=== Task material ===

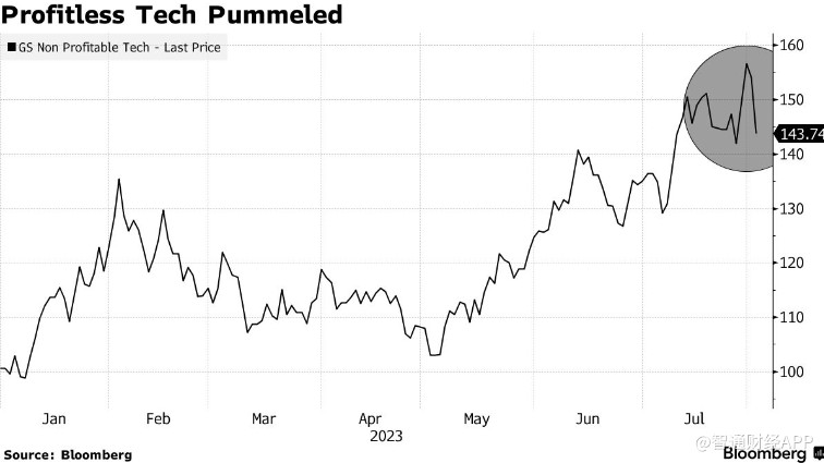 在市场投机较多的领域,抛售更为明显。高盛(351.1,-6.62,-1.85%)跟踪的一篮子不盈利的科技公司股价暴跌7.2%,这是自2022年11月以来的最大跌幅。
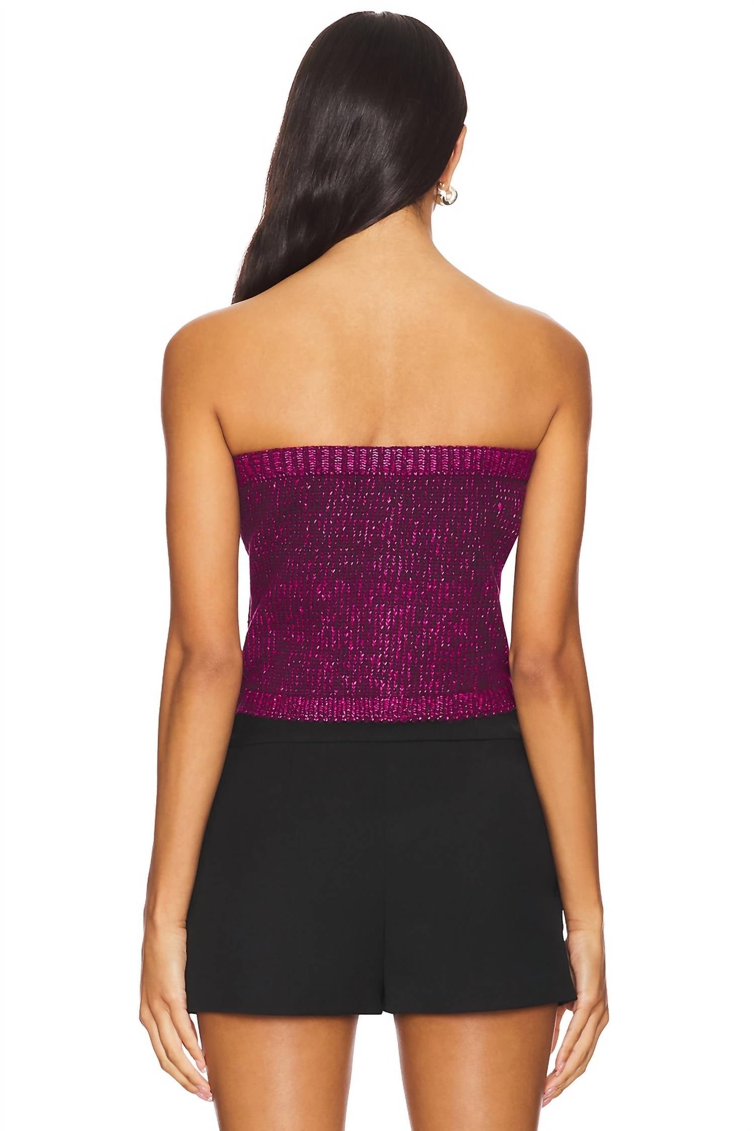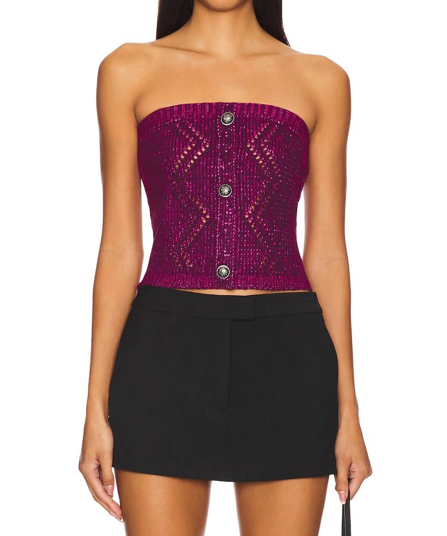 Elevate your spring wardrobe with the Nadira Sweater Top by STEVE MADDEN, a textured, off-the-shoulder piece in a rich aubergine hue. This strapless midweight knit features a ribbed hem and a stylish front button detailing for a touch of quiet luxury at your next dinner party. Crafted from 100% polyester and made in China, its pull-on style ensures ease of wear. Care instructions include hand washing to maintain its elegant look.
* * *
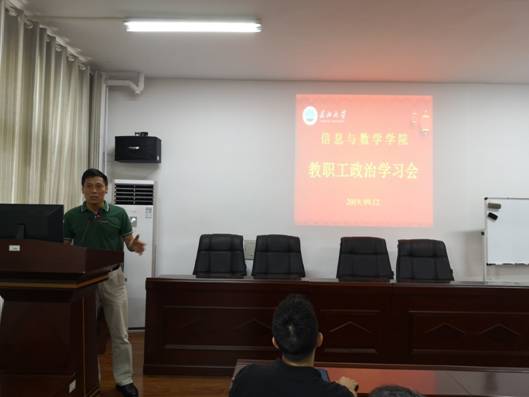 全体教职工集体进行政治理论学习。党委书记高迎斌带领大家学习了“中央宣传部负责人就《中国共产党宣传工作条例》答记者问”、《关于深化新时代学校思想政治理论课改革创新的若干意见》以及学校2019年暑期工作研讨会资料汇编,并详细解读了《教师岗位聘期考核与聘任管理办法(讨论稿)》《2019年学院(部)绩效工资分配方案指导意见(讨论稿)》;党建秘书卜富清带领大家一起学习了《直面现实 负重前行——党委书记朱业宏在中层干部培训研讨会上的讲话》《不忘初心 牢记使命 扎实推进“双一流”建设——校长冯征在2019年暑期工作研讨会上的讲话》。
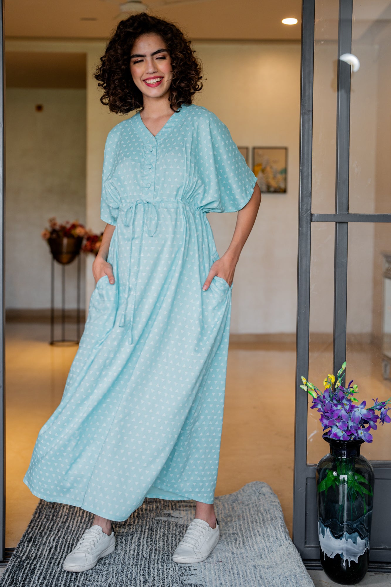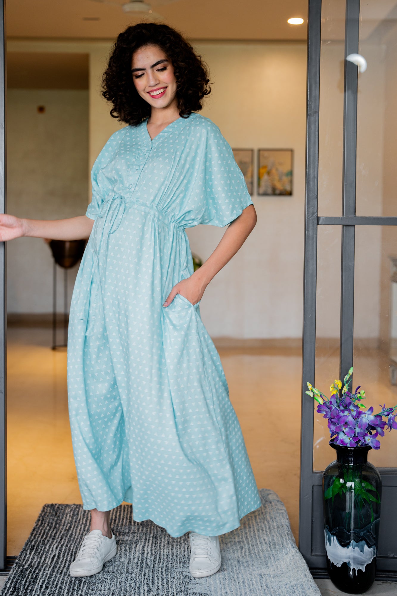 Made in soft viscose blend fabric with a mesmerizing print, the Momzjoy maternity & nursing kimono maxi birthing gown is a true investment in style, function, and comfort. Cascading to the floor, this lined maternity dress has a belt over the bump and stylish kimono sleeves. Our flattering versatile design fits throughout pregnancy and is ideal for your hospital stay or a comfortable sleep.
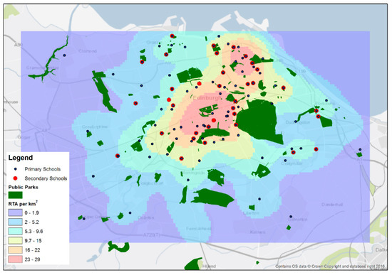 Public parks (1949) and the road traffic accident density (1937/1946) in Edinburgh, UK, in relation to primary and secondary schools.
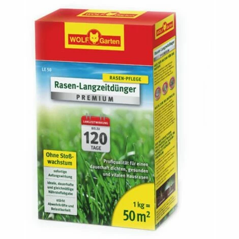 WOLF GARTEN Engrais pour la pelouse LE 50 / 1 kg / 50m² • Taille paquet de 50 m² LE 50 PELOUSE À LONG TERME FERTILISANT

=== What you are asked to do ===
Could you repeat, exactly, only the lines above starting at the one that has "Public parks (1949)" and stopping after the one that has "WOLF GARTEN Engrais", without the pictures?

=== Result ===
 Public parks (1949) and the road traffic accident density (1937/1946) in Edinburgh, UK, in relation to primary and secondary schools.
 WOLF GARTEN Engrais pour la pelouse LE 50 / 1 kg / 50m² • Taille paquet de 50 m² LE 50 PELOUSE À LONG TERME FERTILISANT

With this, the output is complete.